朱い髪をしている者に、今まで出会ったことがないのもあるが、底知れなさという面ではこちらの少女もクトーに劣らず、読めない。
「では、お前の目から見て俺たちはどう映る?」
「私の知るものと異なる呪を行使すること、見知らぬ街並みや食事から『ここではないどこかから来た』という言には一理を感じます」
「分かった。では、お前自身のことはいい。神聖オース帝国とやらについて、知っていることは話せるか?」
「それについては、特に隠す理由もありません。それにいずれ、この街にはオースだけではなく、和繋国……この辺りを支配する大那牟命の手が、伸びてくるでしょう」
ーーーそれは有益な情報だ。
内心でアルゴがうなずき、方策を固めようと思考する最中、どうやら同じことを考えたらしいクトーが口を開く。

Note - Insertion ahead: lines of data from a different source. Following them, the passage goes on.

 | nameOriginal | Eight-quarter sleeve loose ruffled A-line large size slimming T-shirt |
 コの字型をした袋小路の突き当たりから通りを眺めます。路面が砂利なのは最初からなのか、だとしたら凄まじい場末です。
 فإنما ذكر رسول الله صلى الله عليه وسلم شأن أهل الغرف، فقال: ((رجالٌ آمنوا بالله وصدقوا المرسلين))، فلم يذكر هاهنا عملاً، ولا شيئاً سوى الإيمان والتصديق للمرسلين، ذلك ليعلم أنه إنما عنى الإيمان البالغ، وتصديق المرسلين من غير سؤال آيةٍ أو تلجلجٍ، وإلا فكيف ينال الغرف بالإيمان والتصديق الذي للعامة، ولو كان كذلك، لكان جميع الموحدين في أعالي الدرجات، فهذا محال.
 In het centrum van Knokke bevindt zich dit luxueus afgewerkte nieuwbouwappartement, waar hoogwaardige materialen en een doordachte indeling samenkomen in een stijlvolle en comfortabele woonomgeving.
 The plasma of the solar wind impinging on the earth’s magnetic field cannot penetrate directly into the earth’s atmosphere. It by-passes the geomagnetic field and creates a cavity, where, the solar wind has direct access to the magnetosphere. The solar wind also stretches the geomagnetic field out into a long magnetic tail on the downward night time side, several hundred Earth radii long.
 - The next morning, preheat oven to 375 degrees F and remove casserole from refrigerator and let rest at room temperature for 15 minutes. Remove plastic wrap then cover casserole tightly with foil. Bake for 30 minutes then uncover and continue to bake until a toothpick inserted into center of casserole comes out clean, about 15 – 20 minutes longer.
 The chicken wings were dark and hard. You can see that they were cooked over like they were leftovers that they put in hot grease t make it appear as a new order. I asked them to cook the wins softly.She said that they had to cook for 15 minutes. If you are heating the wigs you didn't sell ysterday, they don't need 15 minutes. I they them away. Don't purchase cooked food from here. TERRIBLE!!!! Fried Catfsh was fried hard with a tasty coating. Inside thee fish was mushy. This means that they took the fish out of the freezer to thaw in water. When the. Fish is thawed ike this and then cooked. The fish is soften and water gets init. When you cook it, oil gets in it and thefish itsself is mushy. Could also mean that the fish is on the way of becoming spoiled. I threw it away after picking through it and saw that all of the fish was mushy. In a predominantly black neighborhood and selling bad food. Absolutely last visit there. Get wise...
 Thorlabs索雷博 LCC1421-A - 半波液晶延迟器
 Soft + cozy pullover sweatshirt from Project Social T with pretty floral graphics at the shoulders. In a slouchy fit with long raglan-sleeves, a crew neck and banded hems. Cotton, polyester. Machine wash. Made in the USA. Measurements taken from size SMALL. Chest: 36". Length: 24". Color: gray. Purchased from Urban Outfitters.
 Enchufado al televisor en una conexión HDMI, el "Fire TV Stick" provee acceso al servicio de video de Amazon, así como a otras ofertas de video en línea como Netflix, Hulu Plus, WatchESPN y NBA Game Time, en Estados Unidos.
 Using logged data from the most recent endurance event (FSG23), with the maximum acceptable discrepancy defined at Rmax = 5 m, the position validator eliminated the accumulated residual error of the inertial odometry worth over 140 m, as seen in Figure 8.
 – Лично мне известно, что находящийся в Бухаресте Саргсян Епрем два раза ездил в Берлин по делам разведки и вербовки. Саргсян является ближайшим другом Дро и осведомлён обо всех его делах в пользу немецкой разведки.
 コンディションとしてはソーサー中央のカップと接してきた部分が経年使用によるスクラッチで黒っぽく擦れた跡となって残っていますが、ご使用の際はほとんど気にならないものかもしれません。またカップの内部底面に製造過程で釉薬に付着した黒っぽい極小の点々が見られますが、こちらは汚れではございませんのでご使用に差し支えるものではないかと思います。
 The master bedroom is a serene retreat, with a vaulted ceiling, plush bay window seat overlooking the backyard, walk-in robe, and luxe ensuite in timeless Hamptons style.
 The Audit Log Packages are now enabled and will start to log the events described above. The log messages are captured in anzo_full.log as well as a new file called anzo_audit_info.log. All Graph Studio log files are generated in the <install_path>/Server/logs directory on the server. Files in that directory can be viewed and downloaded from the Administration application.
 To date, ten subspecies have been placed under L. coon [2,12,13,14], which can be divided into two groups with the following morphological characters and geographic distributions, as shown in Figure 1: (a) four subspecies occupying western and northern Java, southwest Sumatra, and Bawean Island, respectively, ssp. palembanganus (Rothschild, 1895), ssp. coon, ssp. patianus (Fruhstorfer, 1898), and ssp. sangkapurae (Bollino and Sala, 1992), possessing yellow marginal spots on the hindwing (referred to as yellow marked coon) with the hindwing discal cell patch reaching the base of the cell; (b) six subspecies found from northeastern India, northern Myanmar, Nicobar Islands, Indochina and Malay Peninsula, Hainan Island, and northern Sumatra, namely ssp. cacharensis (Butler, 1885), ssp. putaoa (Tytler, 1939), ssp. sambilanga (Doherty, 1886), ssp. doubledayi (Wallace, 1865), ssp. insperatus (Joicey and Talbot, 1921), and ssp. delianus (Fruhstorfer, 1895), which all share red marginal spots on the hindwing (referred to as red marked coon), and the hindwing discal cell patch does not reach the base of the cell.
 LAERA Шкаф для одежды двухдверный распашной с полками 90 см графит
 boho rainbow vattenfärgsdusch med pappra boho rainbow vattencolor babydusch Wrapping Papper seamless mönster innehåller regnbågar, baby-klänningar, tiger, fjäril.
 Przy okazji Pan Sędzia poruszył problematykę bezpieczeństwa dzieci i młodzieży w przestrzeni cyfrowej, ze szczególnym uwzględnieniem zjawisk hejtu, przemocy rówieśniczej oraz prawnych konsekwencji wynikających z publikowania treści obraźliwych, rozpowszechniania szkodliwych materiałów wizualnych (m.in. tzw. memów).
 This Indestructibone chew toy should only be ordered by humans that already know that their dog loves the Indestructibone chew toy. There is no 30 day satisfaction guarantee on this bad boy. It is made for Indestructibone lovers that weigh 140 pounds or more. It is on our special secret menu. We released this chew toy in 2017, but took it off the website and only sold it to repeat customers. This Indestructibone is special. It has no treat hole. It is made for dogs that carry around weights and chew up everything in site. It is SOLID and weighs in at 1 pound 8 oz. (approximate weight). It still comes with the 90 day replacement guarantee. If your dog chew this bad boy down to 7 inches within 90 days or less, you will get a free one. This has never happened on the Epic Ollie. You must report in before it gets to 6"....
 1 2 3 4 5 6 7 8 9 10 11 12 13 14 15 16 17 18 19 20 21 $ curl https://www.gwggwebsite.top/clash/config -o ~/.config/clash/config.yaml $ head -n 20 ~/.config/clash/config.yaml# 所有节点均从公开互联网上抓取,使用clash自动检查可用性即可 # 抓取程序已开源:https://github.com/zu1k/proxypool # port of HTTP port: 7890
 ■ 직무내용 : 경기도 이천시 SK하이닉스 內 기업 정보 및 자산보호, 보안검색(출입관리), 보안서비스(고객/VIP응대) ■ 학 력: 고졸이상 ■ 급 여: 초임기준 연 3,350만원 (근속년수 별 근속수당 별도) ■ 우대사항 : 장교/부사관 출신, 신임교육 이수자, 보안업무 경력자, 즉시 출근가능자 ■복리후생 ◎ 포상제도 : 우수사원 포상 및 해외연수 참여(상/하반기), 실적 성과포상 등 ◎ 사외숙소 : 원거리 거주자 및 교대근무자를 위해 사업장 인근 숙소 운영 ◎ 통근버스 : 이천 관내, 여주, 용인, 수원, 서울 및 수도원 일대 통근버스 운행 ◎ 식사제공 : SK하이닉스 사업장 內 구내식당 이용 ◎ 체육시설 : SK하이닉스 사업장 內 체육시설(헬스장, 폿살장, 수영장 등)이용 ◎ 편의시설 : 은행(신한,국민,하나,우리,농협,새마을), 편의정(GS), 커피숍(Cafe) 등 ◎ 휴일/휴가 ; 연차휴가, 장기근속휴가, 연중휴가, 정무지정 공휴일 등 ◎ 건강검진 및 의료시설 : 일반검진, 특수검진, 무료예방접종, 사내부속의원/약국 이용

「敵が現れる、ということか。先んじて知れたのは、状況的に悪くない」
「同感だな。その話を聞かせてもらおう。おそらくは、この世界に関する情報として我々の益になる」
アルゴは、【カバン玉】の中から金塊と青い小瓶を取り出すと、執務机の上に置いた。
「それは?」
「対価だ。タダ働きをさせるのは、俺の主義に反する」
アルゴは商人だ。
そして利益は相互にもたらされてこそ、対等に付き合える。
「おそらく、貨幣では価値がないだろうからな。これらを情報提供の礼として渡す。それで手を打たないか?」
「……望んでいませんが、その小瓶は?」
「この世界では金に変えられない価値のあるものだ、と俺は思っている。……シミュレート・スライムと呼ばれる、この世界には存在しない魔物を封じたものだ」
するとそこで、クトーとスイキが同時に表情を変えた。
クトーはかすかに眉根を寄せ、スイキは興味を惹かれたような顔をしている。
「シミュレート・スライム……」
「異界の魔物、ですか」
「ああ。扱いを間違えると街ごと吹っ飛ぶような代物だが、興味があるか?」
「金塊よりも興味があります」
スイキの答えに、アルゴはうなずいた。